Inside the Current Issue April 2012     Issue 86

THE GOJUNG DIARIES

Words DAVE TURNBULL

What happens when you team up an experienced rock climber with one of the UK’s leading alpinists, throw in an unclimbed six thousand metre peak in Western Nepal, and mix?

It’s a dangerous business, email. As a newcomer to Himalayan mountaineering, this escapade stemmed  from a simple one-liner sent to Mick Fowler on a whim in early April 2011 when I heard Paul Ramsden had pulled out of Mick’s planned trip in the autumn. ‘Potentially interested in Nepal’, it read. Within minutes Mick was on the phone, and before I knew it I’d committed to spending October strapped to an unclimbed face in a remote part of Western Nepal.

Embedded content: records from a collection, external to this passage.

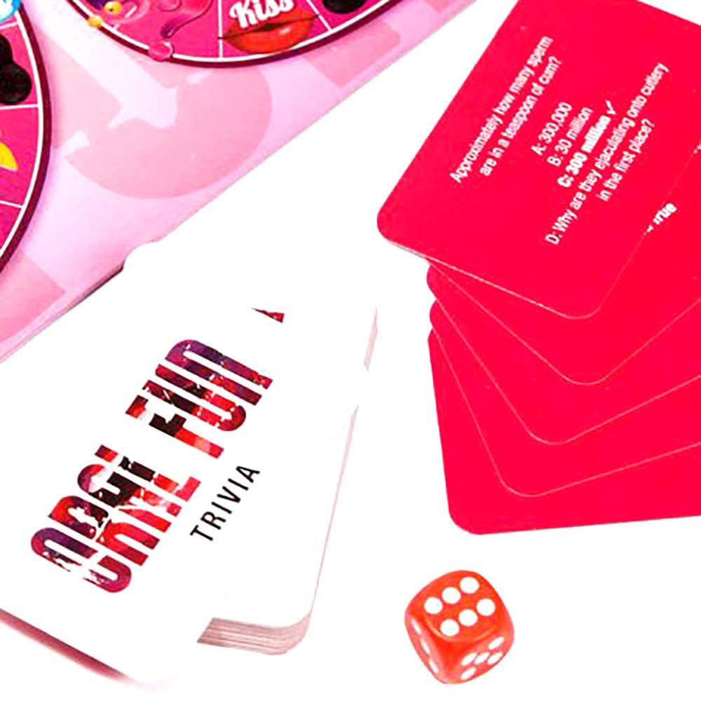 As you make your way around the board, you and your partner will engage in a variety of naughty categories that will ignite your senses. From peach-eating to sword-swallowing, each symbol represents a saucy action or trivia question that will have you giggling and exploring new sensations together.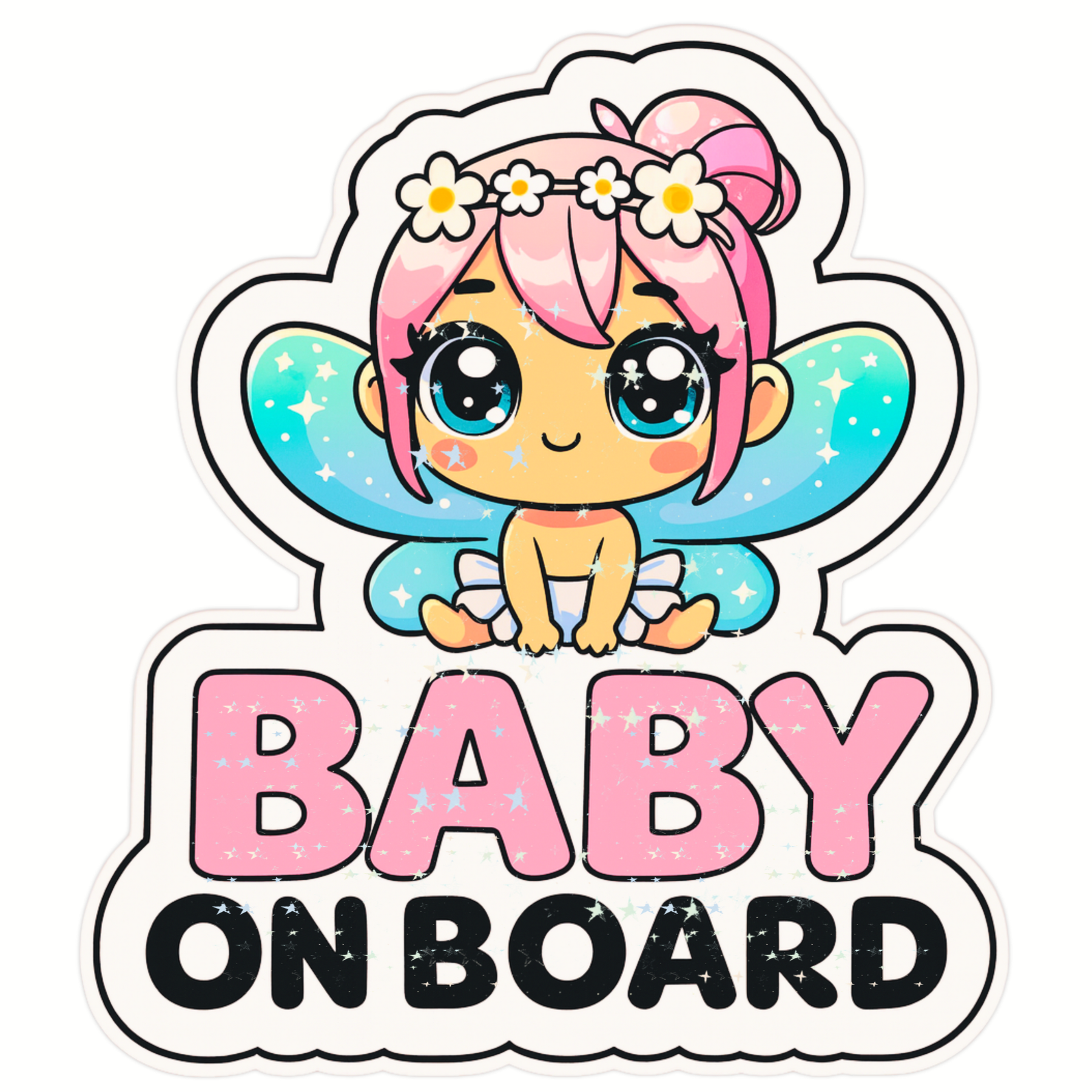 Spread sweetness and safety on the road with the STIXY Baby On Board Sticker, featuring an adorable fairy baby with sparkling pink hair, blue wings, and twinkling glitter details. This cute and attention-grabbing sticker makes sure drivers around you stay cautious while adding a playful, lovable touch to your car or baby gear.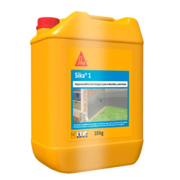 Sika 1 se emplea para obtener morteros impermeables en cimentaciones tanques para agua sótanos techos cisternas muros. Eventualmente en hormigón para mejorar su durabilidad cuando está en contacto con aguas agresivas.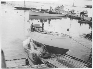 ![]() Motorbåt ritad av Reimers förbereds för sjösättning, Byggår 1939.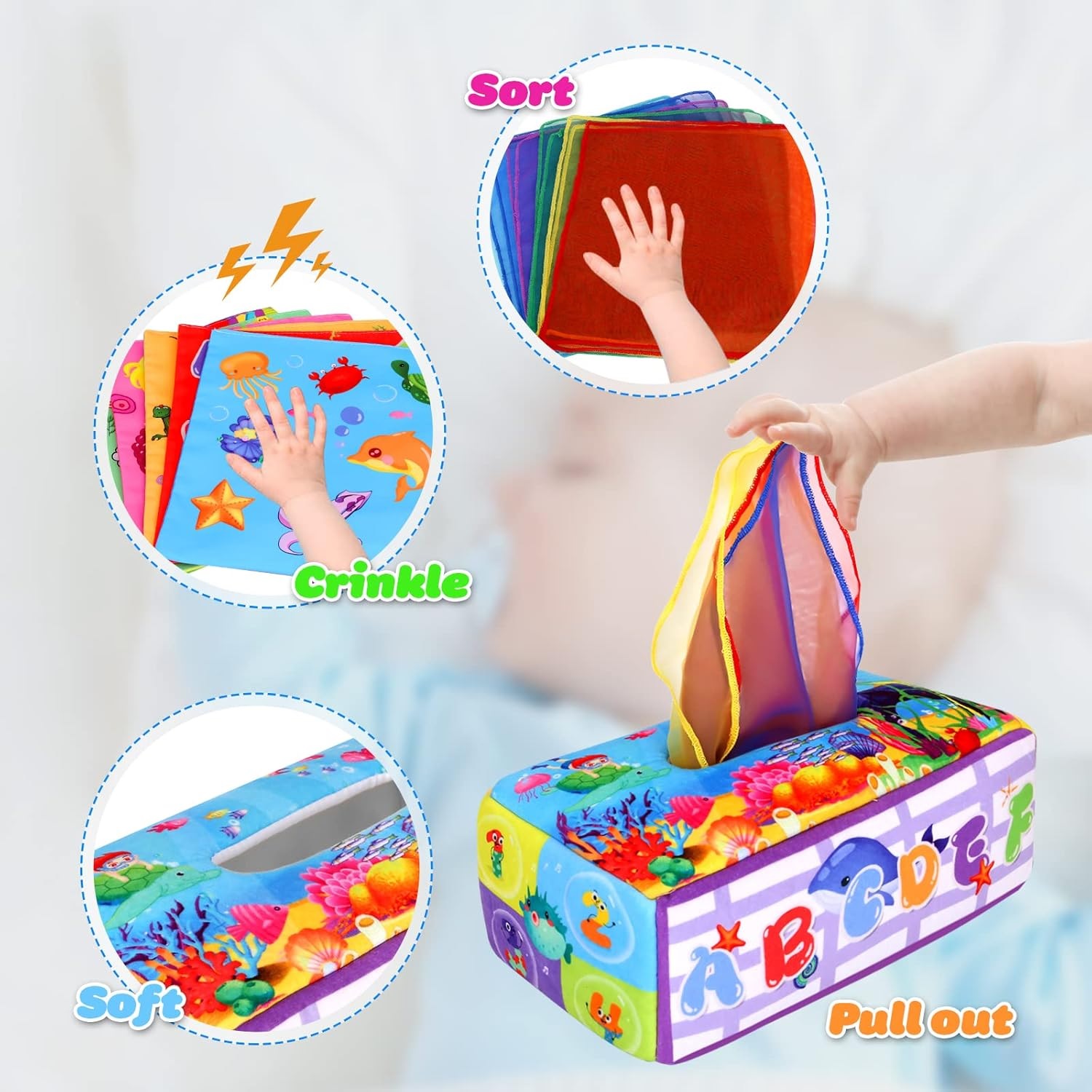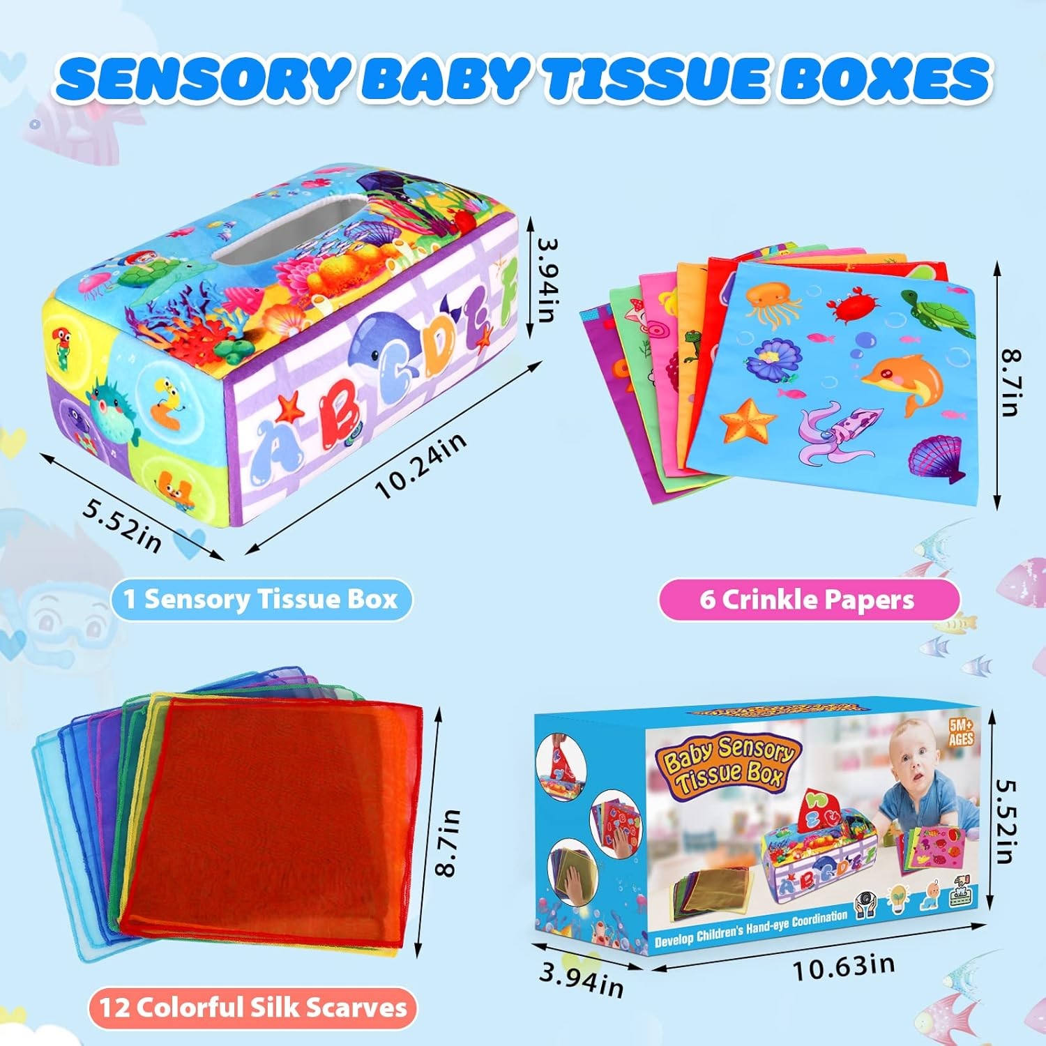 Estimula los sentidos y el desarrollo temprano de tu bebé con esta caja de pañuelos sensorial Montessori, diseñada para ofrecer horas de diversión segura y aprendizaje interactivo.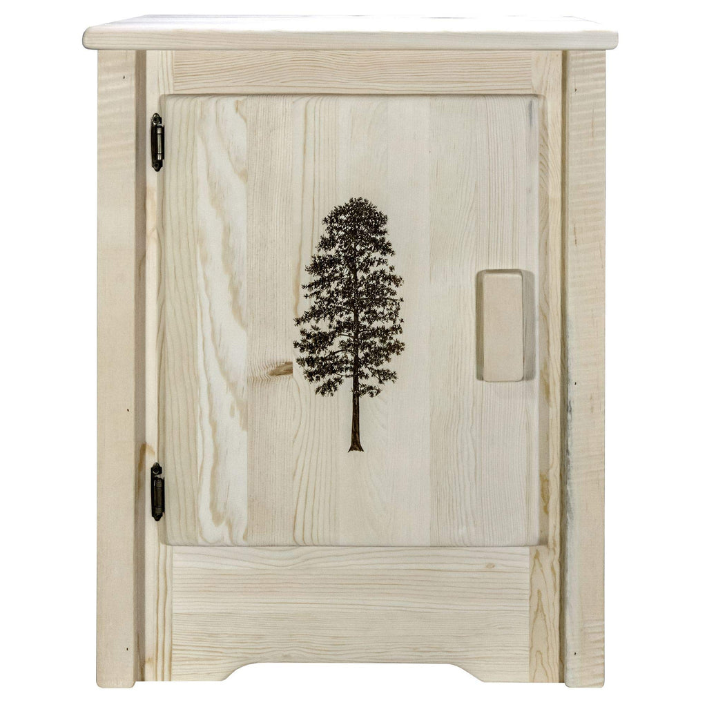 This Multipurpose Accent Cabinet From Montana Woodworks Features Two Fully Adjustable Shelves In A Storage Area The Measures 23 Inches High, 19 Inches Wide And 10 Inches Deep. Shelves Adjust In 1. 25 Inch Increments And Are Held In Place By Brass Hardware. This Item Features A Left Hinged, Raised Panel Door Featuring A Rustic Themed, Laser Engraved Pine Design. Handcrafted In The Mountains Of Montana Using Solid, American Grown Wood, The Artisans Rough Saw All The Timbers And Accessory Trim Pieces For A Look Uniquely Reminiscent Of The Timber-Framed Homes Once Found On The American Frontier. Comes Fully Assembled. This Item Comes With A Factory Applied, Premium Grade Semi-Gloss Clear Lacquer Finish. All Montana Woodworks Products Come With A 20-Year Limited Included At No Additional Charge. Hand Crafted In Montana U. S. A. Using Genuine Lodge Pole Pine!

My only Himalayan experience up to that point was doing the Everest trek from Jiri the year I left  school. After that I’d dabbled with the Alps, but generally opted for adventurous rock climbing in the tropics and desert regions rather than snowy peaks. I put this down to an experience in 1990 when Frank Ramsay and I shared a 3-day epic on Mont Gruetta. This was to be our ‘warm-up’ route for the Eiger, but after being hit by a TV sized block, falling into a crevasse, and skewering my shin with a crampon, we binned the idea and scuttled off home.